Но вслух Зверев сказал совсем другое:

– Ты зря пытаешься опереться на изменников и лжецов, государь. Натура уродов таковых неистребима. Они умеют только изменять. Их пособничеством тебе никогда не удастся заключить добрых союзов и победить врагов. Они способны только разорять, но никак не строить.

– Это ты словами добрыми вред изрядный причиняешь, князь! – У государя на щеках заиграли желваки. – Мне для союза с королями христианскими отношения добрые необходимы!

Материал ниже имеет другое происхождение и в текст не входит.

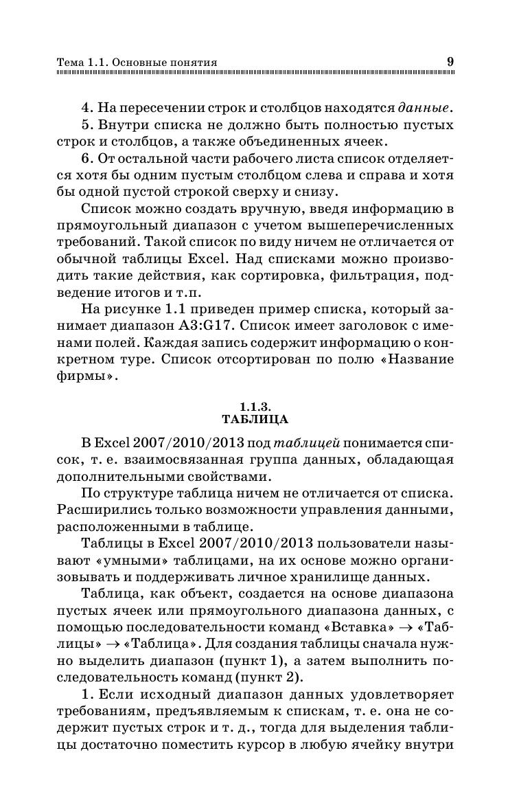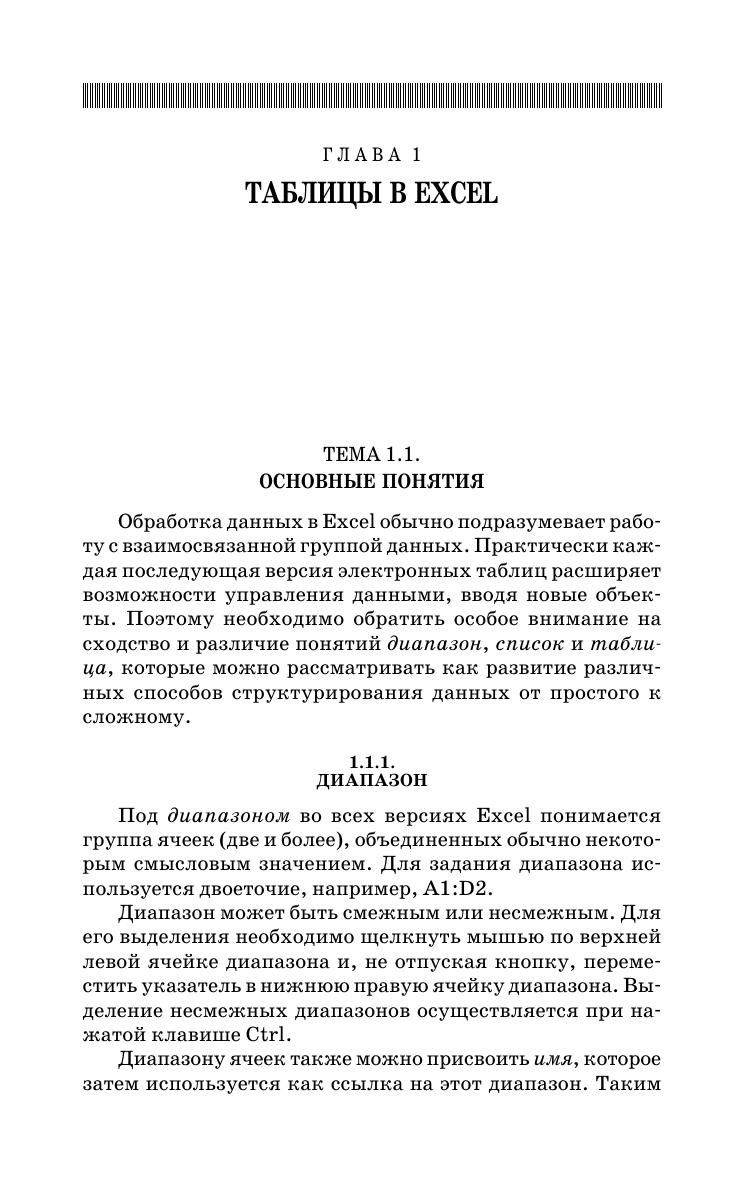 Книга посвящена эффективному использованию инструментов приложения Excel для обработки и анализа многомерных данных, с целью их систематизации, выявления характера и структуры взаимосвязей. Пройдя путь от структурирования данных до создания простейшей базы данных, на основе которой можно строить различные сводные таблицы для нахождения ответов на поставленные вопросы, читатель научится извлекать необходимую информацию и знание из множества данных. Дополнительно к этому, в книге рассматривается одна из наиболее востребованных задач – статистическая обработка данных, полученных в результате случайного эксперимента. Особое внимание уделено визуализации данных с помощью диаграмм и дополнительных возможностей, предоставляемых в последних версиях Excel. Книга адресована студентам обучающимся в колледжах по образовательным программам среднего профессионального образования. Она может быть полезна всем, кто заинтересован в получении мощного и эффективного инструмента для выполнения всевозможных математических операций при помощи компьютера. Соответствует современным требованиям Федерального государственного образовательного стандарта среднего профессионального образования и профессиональным квалификационным требованиям.

Ты же Русь в войну с орденом христианским втравить пытаешься и меня с оными рассорить!

От земель сих жалких прибытка мне никакого, но вот союз противоосманский из-за них рухнуть может! А ты, Даниил Федорович? Хоть теперь ты постиг, как добрые слова, от смутителей души происходящие, вред приносят? Сказывал же я: не воевать! Бунтарей успокоить посылаю!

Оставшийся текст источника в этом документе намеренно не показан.